In explaining the importance of Afghanistan to the Islamic State in an interview, the terrorist organization’s official English-language magazine, Dabiq, note the presence of “atheist Chinese” near Afghan borders as a threat to their international jihad. The group has recently increased its efforts to call the attention of the Chinese government toward them.
Referring to the region as “Khorasan,” an ancient name that covers parts of both Afghanistan and Pakistan, the so-called Islamic State governor of the region, or Wilayat, Shaykh Hāfidh Sa’īd Khān, notes that his region has strategic importance to the jihad:
Wilāyat Khurāsān has great importance to Islam and the Muslims. It had once been under the authority of the Muslims, along with the regions surrounding it. Afterwards, the secularist and Rāfidī murtaddīn [Shiites] conquered some of these regions, and the cow-worshipping Hindus and atheist Chinese conquered other nearby regions, as is the case in parts of Kashmir and Turkistan [Xinjiang].
He notes also that he considers the region fertile ground for ISIS recruitment, as “the people of Khurāsān in general love Islam and warfare, and because of this, the region has a dormant force for supporting tawhīd and jihād.”
Dabiq is named after a town in Syria that Islamic State jihadists and other Islamists believe will be the setting for the final battle between jihadists and non-believers:
The Prophet Muhammad is believed to have said that “the last hour will not come” until Muslims vanquish the Romans at “Dabiq or Al-A’maq” – both in the Syria-Turkey border region – on their way to conquer Constantinople (modern-day Istanbul).
While the Islamic State “capital,” Raqqa, is in Syria, and the group has had its greatest military successes in the Arab world, the group has expanded its presence in Afghanistan, triggering fears in the region that they may become an even greater threat than the Taliban. The United Nations warned in September that ISIS had established recruitment operations in almost 75 percent of Afghan territory. A UN study recorded “sightings of the groups with some form of ISIL branding” in 25 of the nation’s 34 provinces.
What’s more, ISIS appears to be making a dent into the Taliban’s recruiting base. The UN estimated that up to 10 percent of Taliban members had sympathy for the Islamic State, despite ISIS’s rejection of the group. Footage broadcast in the PBS series Frontline has shown Taliban members pledging allegiance to ISIS “caliph” Abu Bakr al-Baghdadi.
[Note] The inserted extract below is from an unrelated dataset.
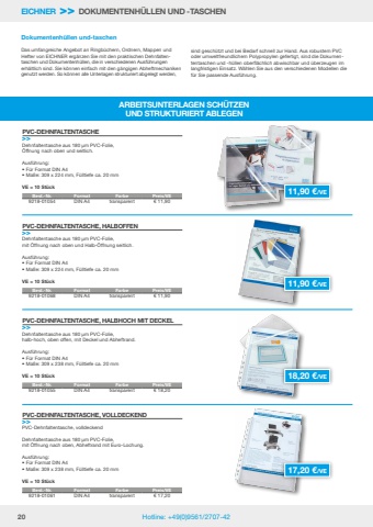 20 Hotline: +49(0)9561/2707-42EICHNER >> DOKUMENTENH%u00dcLLEN UND -TASCHENARBEITSUNTERLAGEN SCH%u00dcTZEN UND STRUKTURIERT ABLEGENDokumentenh%u00fcllen und-taschen Das umfangreiche Angebot an Ringb%u00fcchern, Ordnern, Mappen und Hefter von EICHNER erg%u00e4nzen Sie mit den praktischen Dehnfaltentaschen und Dokumentenh%u00fcllen, die in verschiedenen Ausf%u00fchrungen erh%u00e4ltlich sind. Sie k%u00f6nnen einfach mit den g%u00e4ngigen Abheftmechaniken genutzt werden. So k%u00f6nnen alle Unterlagen strukturiert abgelegt werden, sind gesch%u00fctzt und bei Bedarf schnell zur Hand. Aus robustem PVC oder umweltfreundlichem Polypropylen gefertigt, sind die Dokumententaschen und -h%u00fcllen oberfl%u00e4chlich abwischbar und %u00fcberzeugen im langfristigen Einsatz. W%u00e4hlen Sie aus den verschiedenen Modellen die f%u00fcr Sie passende Ausf%u00fchrung. Dehnfaltentasche aus 180 %u00b5m PVC-Folie, %u00d6ffnung nach oben und seitlich.Ausf%u00fchrung:%u2022 F%u00fcr Format DIN A4%u2022 Ma%u00dfe: 309 x 224 mm, F%u00fclltiefe ca. 20 mmVE = 10 St%u00fcckDehnfaltentasche aus 180 %u00b5m PVC-Folie, mit %u00d6ffnung nach oben und Halb-%u00d6ffnung seitlich.Ausf%u00fchrung:%u2022 F%u00fcr Format DIN A4%u2022 Ma%u00dfe: 309 x 224 mm, F%u00fclltiefe ca. 20 mmVE = 10 St%u00fcckDehnfaltentasche aus 180 %u00b5m PVC-Folie, halb-hoch, oben offen, mit Deckel und Abheftrand.Ausf%u00fchrung:%u2022 F%u00fcr Format DIN A4%u2022 Ma%u00dfe: 309 x 238 mm, F%u00fclltiefe ca. 20 mmVE = 10 St%u00fcckPVC-Dehnfaltentasche, volldeckendDehnfaltentasche aus 180 %u00b5m PVC-Folie, mit %u00d6ffnung nach oben, Abheftrand mit Euro-Lochung.Ausf%u00fchrung:%u2022 F%u00fcr Format DIN A4%u2022 Ma%u00dfe: 309 x 238 mm, F%u00fclltiefe ca. 20 mmVE = 10 St%u00fcckPVC-DEHNFALTENTASCHE>>PVC-DEHNFALTENTASCHE, HALBOFFEN>>PVC-DEHNFALTENTASCHE, HALBHOCH MIT DECKEL>>PVC-DEHNFALTENTASCHE, VOLLDECKEND>>Best.-Nr. Format Farbe Preis/VE9218-01054 DIN A4 transparent %u20ac 11,90Best.-Nr. Format Farbe Preis/VE9218-01068 DIN A4 transparent %u20ac 11,90Best.-Nr. Format Farbe Preis/VE9218-01055 DIN A4 transparent %u20ac 18,20Best.-Nr. Format Farbe Preis/VE9218-01061 DIN A4 transparent %u20ac 17,2011,90 %u20ac/VE 11,90 %u20ac/VE 18,20 %u20ac/VE 17,20 %u20ac/VE

The latest issue of Dabiq spends much ink on disparaging the Taliban as “nationalist” and sympathetic to Shiite Muslims, “considering the Rāfidah [Shiites] to be their brothers and publically [sic] denouncing those who target the Rāfidah.” “Everyone who says there is no god but Allah and Muhammad is Allah’s Messenger is a Muslim. The sects are many and Allah will decide between them on Judgment Day,” Dabiq quotes a Taliban official as stating on page 39.
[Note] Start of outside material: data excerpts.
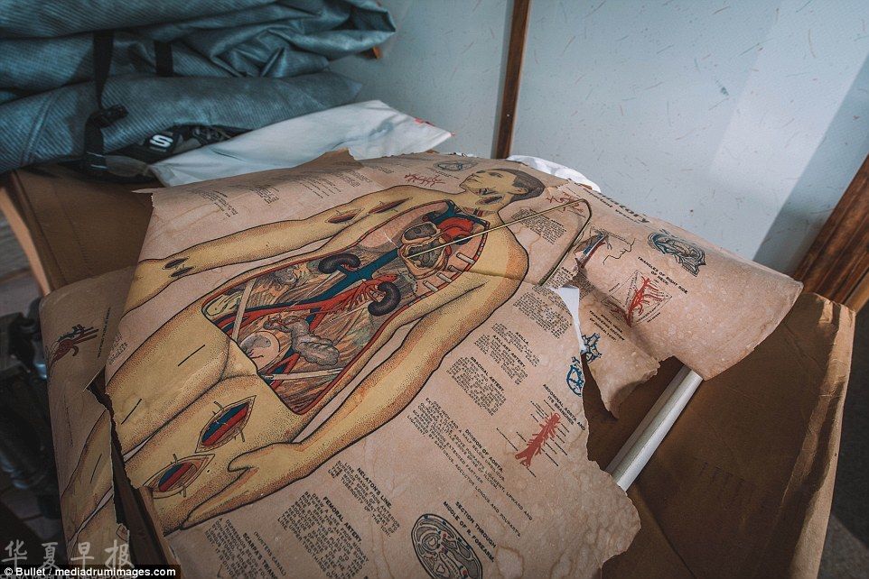 这张人体解剖图是探险者在充当殡仪馆的房间内发现的。这座豪宅当年为何被遗弃,它的主人去了哪里,至今仍然无人知晓。
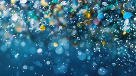 A mesmerizing sight of vibrant soap bubbles creating captivating light patterns on the tranquil surface of shimmering blue water, offering a serene and tranquil ambiance.
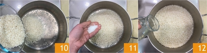 Agora comece a cozinhar o risoto: toste o arroz em uma panela bem quente 10 com um pouco de sal 11, depois deglace com o vinho branco 12.
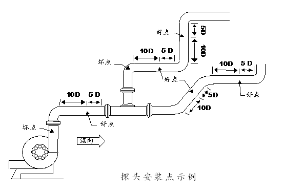 選擇測量點時要求選擇流體流暢分布均勻的部分,為保證測量精度。一般應(yīng)遵循下列原則:
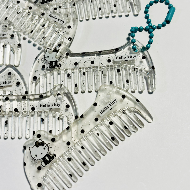 Lovely mini combs and useable! 6.6cm in width, can be added to keychain or other craft projects. Black polka dot Hello Kitty design and they have hole for you to attach.

ISIS’s challenges to the Taliban have alarmed regional countries, particularly Russia. “Recently, the activity of terrorist groups affiliated with the Islamic State increased substantially on the Afghan territory. Afghanistan could be used by the group for further expansion to CIS [Commonwealth of Independent States] countries in Central Asia and in the direction of the Xinjiang Uyghur Autonomous Region in [northwest] China,” Russian Defense Minister Anatoly Antonov said in October. Xinjiang is China’s westernmost region, with a high Muslim population of ethnic Uyghurs.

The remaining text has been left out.